CREATE TABLE [dbo].[IndexUsageStats]
(
	[IndexUsageStatsID] INTEGER IDENTITY(1,1) NOT NULL,
	[dbid] SNALLINT NOT NULL,
	[table_name] SYSNAME NOT NULL,
	[index_id] INTEGER NULL,
	[index_name] NVARCHAR(128) NOT NULL,
	[user_scans] BIGINT NOT NULL,
	[user_seeks] BIGINT NOT NULL,
	[user_lookups] BIGINT NOT NULL,
	[user_updates] BIGINT NOT NULL,
	[last_user_scan] DATETIME NULL,
	[last_user_seek] DATETIME NULL,
	[last_user_lookup] DATETIME NULL,
	[last_user_update] DATETIME NULL,
Constraint [PK_IndexUsageStats] PRIMARY KEY ([IndexUsageStatsID]) ON [PRIMARY]
) 
ON [PRIMARY]
GO

CREATE TABLE [dbo].[IndexUsageStatsSnap]
(
	[IndexUsageStatsSnapID] INTEGER IDENTITY(1,1) NOT NULL,
	[dbid] SNALLINT NOT NULL,
	[table_name] SYSNAME NOT NULL,
	[index_id] INTEGER NULL,
	[index_name] NVARCHAR(128) NOT NULL,
	[user_scans] BIGINT NOT NULL,
	[user_seeks] BIGINT NOT NULL,
	[user_lookups] BIGINT NOT NULL,
	[user_updates] BIGINT NOT NULL,
	[last_user_scan] DATETIME NULL,
	[last_user_seek] DATETIME NULL,
	[last_user_lookup] DATETIME NULL,
	[last_user_update] DATETIME NULL,
Constraint [PK_IndexUsageStatsSnap] PRIMARY KEY ([IndexUsageStatsSnapID]) ON [PRIMARY]
) 
ON [PRIMARY]
GO

The following statement is used to re-populate the table [IndexUsageStatsSnap] at scheduled intervals:

-----------
--Script 2:
-----------

USE [AdventureWorks2012];
GO

TRUNCATE TABLE [IndexUsageStatsDB].[dbo].[IndexUsageStatsSnap];

INSERT INTO	
	[IndexUsageStatsDB].[dbo].[IndexUsageStatsSnap]
(
	[dbid]
,	[table_name]
,	[index_id]
,	[index_name]
,	[user_scans]
,	[user_seeks]
,	[user_lookups]
,	[user_updates]
,	[last_user_scan]
,	[last_user_seek]
,	[last_user_lookup]
,	[last_user_update]
)
SELECT 
	DB_ID() AS [dbid]
,	OBJECT_NAME(i.[object_id], DB_ID()) AS [table_name]
,	i.index_id
,	i.[name]
,	COALESCE(ddius.user_scans, 0)
,	COALESCE(ddius.user_seeks, 0)
,	COALESCE(ddius.user_lookups, 0)
,	COALESCE(ddius.user_updates, 0)
,	ddius.last_user_scan
,	ddius.last_user_seek
,	ddius.last_user_lookup
,	ddius.last_user_update
FROM 
	sys.indexes i
LEFT OUTER JOIN 
	sys.dm_db_index_usage_stats ddius
ON 
	ddius.index_id = i.index_id
	AND ddius.[object_id] = i.[object_id]
WHERE 
	(ddius.database_id = DB_ID() OR ddius.database_id IS NULL) -- this DB only
	AND OBJECTPROPERTY(i.[object_id], 'IsUserTable') = 1
	AND i.index_id > 0 	-- filter out heaps
ORDER BY
	OBJECT_NAME(i.[object_id], DB_ID())
,	i.index_id;
GO

The MERGE statement

As mentioned earlier, a MERGE statement is used to update the [IndexUsageStats] table on the basis of data from table [IndexUsageStatsSnap]. In the first part of this section I describe the logic (pseudo code) behind the MERGE statement.

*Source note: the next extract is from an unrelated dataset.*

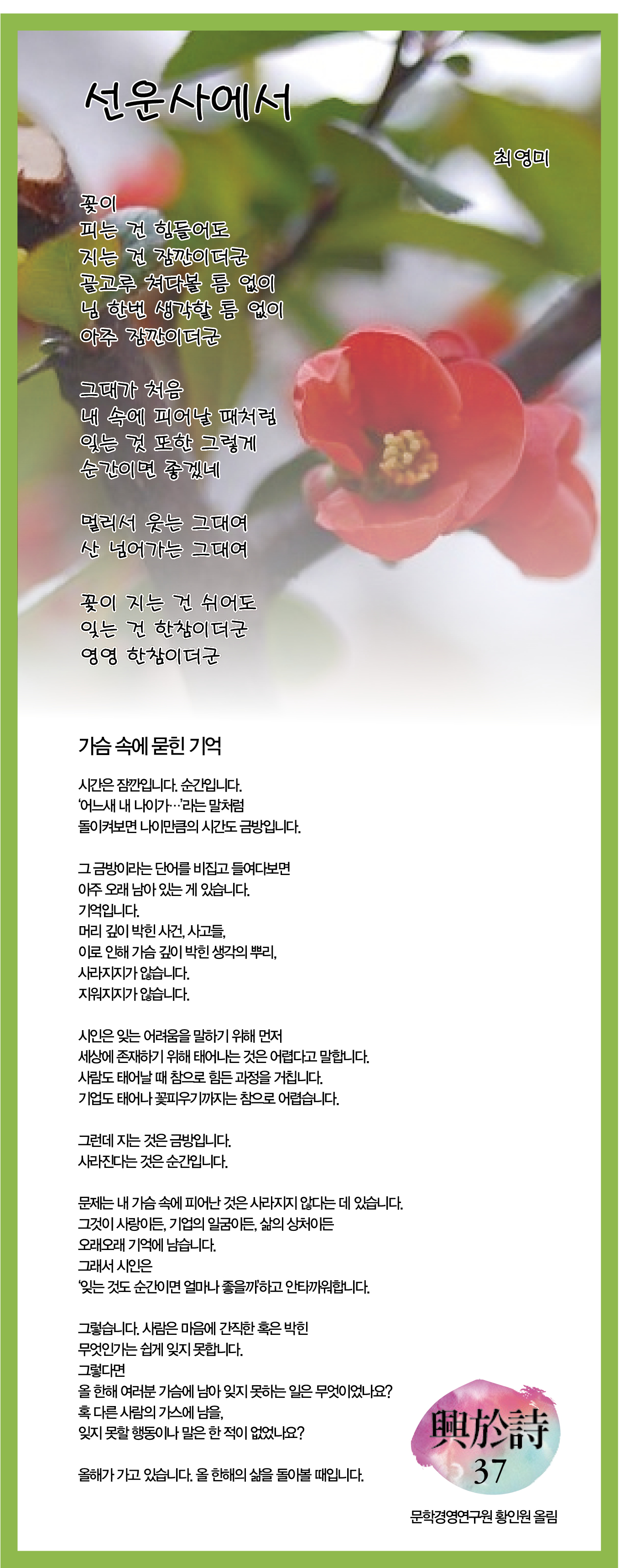 문학경영연구원에서 37번째 흥어시(興於詩)를 보냅니다.

In the second part I show the actual T-SQL code.

Logic and Pseudo code

The terms used in the pseudo code below are defined as follows:

Counter1: counter value (number of scans/seeks/lookups/updates) of a specific index in the [IndexUsageStats] table.
Counter2: counter value (number of scans/seeks/lookups/updates) of a specific index in the [IndexUsageStatsSnap] table.
LastOccurence1: last time Counter1 changed in [IndexUsageStats] table (eg. last_user_seek value).
LastOccurence2: last time Counter2 changed in [IndexUsageStatsSnap] table (eg. last_user_seek value).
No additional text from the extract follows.